### Task
Exactly the lines below from the line with "Потому что иногда" through the line with "This versatile sideboard" must make up the answer, both ends included and pictures left out.

### Supplied entries
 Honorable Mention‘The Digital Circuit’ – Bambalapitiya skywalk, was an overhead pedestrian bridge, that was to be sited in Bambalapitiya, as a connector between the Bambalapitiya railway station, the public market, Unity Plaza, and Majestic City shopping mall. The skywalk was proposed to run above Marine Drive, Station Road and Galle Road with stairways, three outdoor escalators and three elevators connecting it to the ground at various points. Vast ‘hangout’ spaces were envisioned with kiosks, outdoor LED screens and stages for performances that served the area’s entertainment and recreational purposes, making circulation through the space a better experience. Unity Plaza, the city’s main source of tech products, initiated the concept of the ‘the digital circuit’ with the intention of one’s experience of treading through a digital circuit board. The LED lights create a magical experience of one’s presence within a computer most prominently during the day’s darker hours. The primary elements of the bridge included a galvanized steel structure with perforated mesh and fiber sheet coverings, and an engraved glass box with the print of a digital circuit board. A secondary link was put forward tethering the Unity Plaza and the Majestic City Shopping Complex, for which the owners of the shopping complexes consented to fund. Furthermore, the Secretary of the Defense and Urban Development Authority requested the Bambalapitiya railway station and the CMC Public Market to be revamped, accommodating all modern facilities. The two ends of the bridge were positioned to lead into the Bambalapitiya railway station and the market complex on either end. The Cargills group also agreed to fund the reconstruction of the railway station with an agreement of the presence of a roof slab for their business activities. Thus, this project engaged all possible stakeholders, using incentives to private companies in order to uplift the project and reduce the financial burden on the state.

...

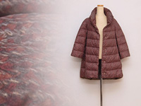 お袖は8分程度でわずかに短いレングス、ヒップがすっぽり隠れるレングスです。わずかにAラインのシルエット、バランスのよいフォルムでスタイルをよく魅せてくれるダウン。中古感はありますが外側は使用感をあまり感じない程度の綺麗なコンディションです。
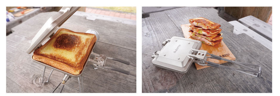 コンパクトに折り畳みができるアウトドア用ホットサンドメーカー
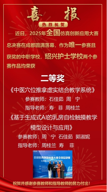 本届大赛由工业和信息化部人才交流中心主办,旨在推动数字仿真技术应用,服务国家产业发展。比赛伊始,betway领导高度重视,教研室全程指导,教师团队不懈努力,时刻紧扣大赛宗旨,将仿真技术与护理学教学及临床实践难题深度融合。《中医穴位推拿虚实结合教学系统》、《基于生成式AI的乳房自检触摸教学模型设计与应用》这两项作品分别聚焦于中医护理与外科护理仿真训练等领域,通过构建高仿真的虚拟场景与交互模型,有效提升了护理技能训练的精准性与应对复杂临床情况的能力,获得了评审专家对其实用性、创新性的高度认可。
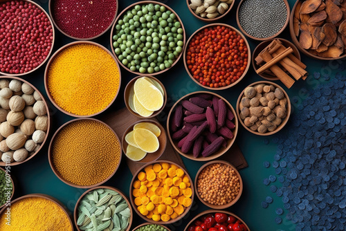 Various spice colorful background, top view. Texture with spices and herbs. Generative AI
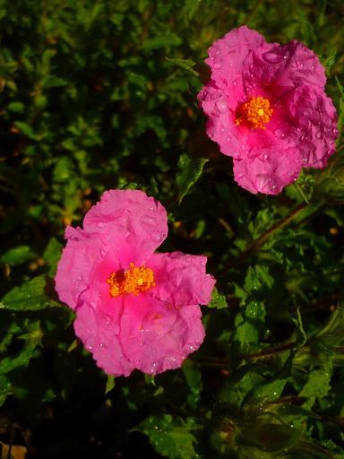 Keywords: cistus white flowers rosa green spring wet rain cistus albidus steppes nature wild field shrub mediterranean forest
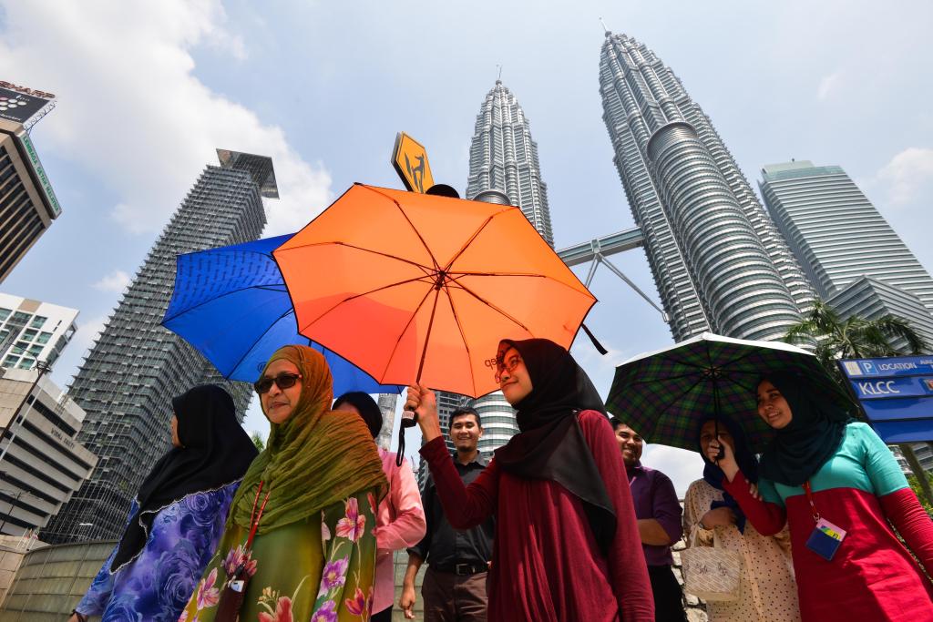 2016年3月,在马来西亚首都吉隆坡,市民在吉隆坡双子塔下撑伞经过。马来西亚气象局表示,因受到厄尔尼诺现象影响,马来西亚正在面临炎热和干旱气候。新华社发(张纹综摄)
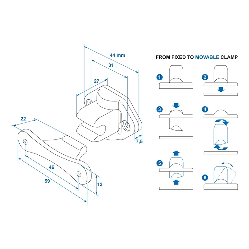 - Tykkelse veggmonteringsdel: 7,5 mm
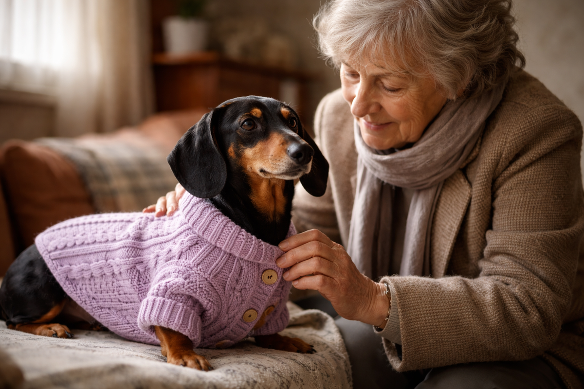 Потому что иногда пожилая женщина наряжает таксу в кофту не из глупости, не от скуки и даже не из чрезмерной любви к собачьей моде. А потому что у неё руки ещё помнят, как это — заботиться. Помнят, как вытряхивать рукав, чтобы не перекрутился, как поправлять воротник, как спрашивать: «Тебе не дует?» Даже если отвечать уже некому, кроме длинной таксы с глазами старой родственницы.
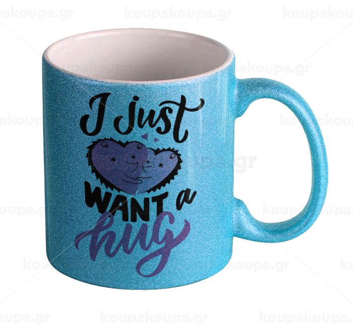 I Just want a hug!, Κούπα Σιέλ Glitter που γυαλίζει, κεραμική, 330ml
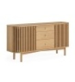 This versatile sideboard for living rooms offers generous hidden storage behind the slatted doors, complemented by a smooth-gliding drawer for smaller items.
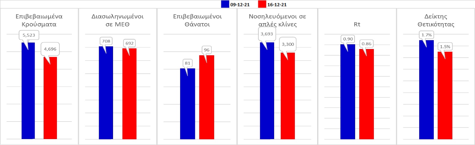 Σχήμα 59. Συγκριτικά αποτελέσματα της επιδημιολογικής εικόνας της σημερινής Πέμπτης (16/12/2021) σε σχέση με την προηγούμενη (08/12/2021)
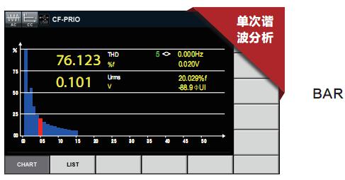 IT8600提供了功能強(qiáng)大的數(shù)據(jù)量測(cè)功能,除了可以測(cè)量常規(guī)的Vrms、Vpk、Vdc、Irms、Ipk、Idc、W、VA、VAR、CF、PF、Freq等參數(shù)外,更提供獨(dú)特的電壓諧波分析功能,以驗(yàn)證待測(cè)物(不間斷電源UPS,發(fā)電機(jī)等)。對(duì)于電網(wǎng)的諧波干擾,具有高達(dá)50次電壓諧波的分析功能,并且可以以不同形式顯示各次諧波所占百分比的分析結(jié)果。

### Response to the exercise
 Потому что иногда пожилая женщина наряжает таксу в кофту не из глупости, не от скуки и даже не из чрезмерной любви к собачьей моде. А потому что у неё руки ещё помнят, как это — заботиться. Помнят, как вытряхивать рукав, чтобы не перекрутился, как поправлять воротник, как спрашивать: «Тебе не дует?» Даже если отвечать уже некому, кроме длинной таксы с глазами старой родственницы.
 I Just want a hug!, Κούπα Σιέλ Glitter που γυαλίζει, κεραμική, 330ml
 This versatile sideboard for living rooms offers generous hidden storage behind the slatted doors, complemented by a smooth-gliding drawer for smaller items.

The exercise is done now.